No, parts don't resist. No part of a human being resists a therapist. All they ever do is demonstrate that you are on the wrong track. That's the only thing they do. I have never seen a client who resists. What clients do is say «Hey! Not there! Over here!»

You said «I reframed with her.» It's impossible for you to reframe with somebody and not deal with the basis for what you are calling resistance. The reframing model has built into it that you don't go after the change, you go after the parts that object. All the reframing models do that.

Man: I have a fourteen–year–old son who gets migraine headaches. Can I use reframing on that problem?

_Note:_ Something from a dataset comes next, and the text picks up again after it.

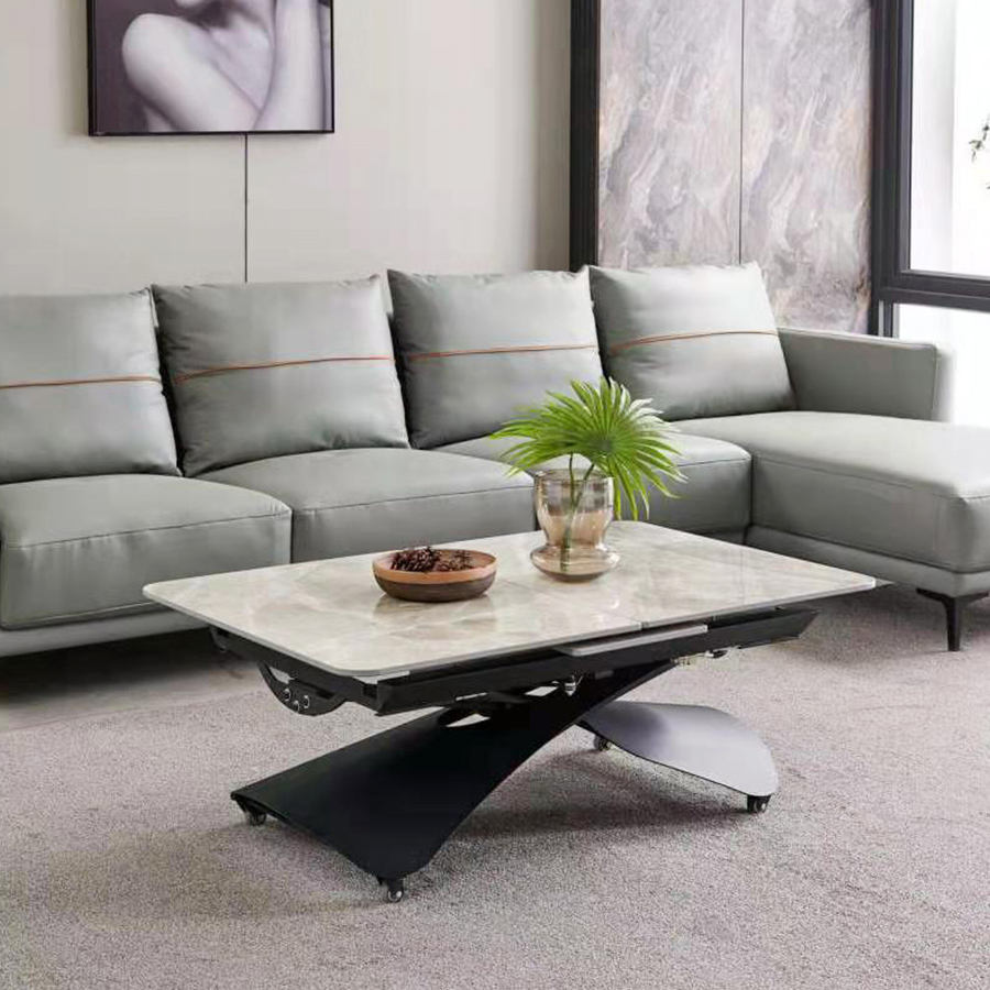 Table à manger rectangulaire extensible en céramique nordique de luxe avec roulettes

Migraines are quite easy. Those of you who have clinical experience in dealing with migraines, tell me what representational system migraine clients typically specialize in. I want you to think of specific clients who have actually come to you with a complaint about migraines. What representational system do they use primarily? …

Migraine sufferers are very visually–oriented. Check your own clinical experience. As with any other physiological symptom, I presuppose that a migraine is a way that a part uses to get a person's attention. The symptom is a way of trying to get him to do something different, to get him to take care of something that is needed.

Think of pain. We all have neurological circuitry in our bodies that allows us to know when there is an injury. If we didn't have that, we could cut ourselves and bleed to death before visually noticing what had happened. Pain is nothing more than a healthy neurological response that says «Hey, pay attention! Something needs to be done here; something needs to be attended to.» You can interpret symptoms like migraines as signals, and then use reframing to discover what the migraine is a response to, so that you can offer that part of the person another way of responding. In every case of migraine I've treated, the person has a very highly specialized visual state of consciousness. The only way his body can get information to him that there is something that needs to be attended to is by giving him splitting headaches. Migraines yield quite quickly and easily to reframing.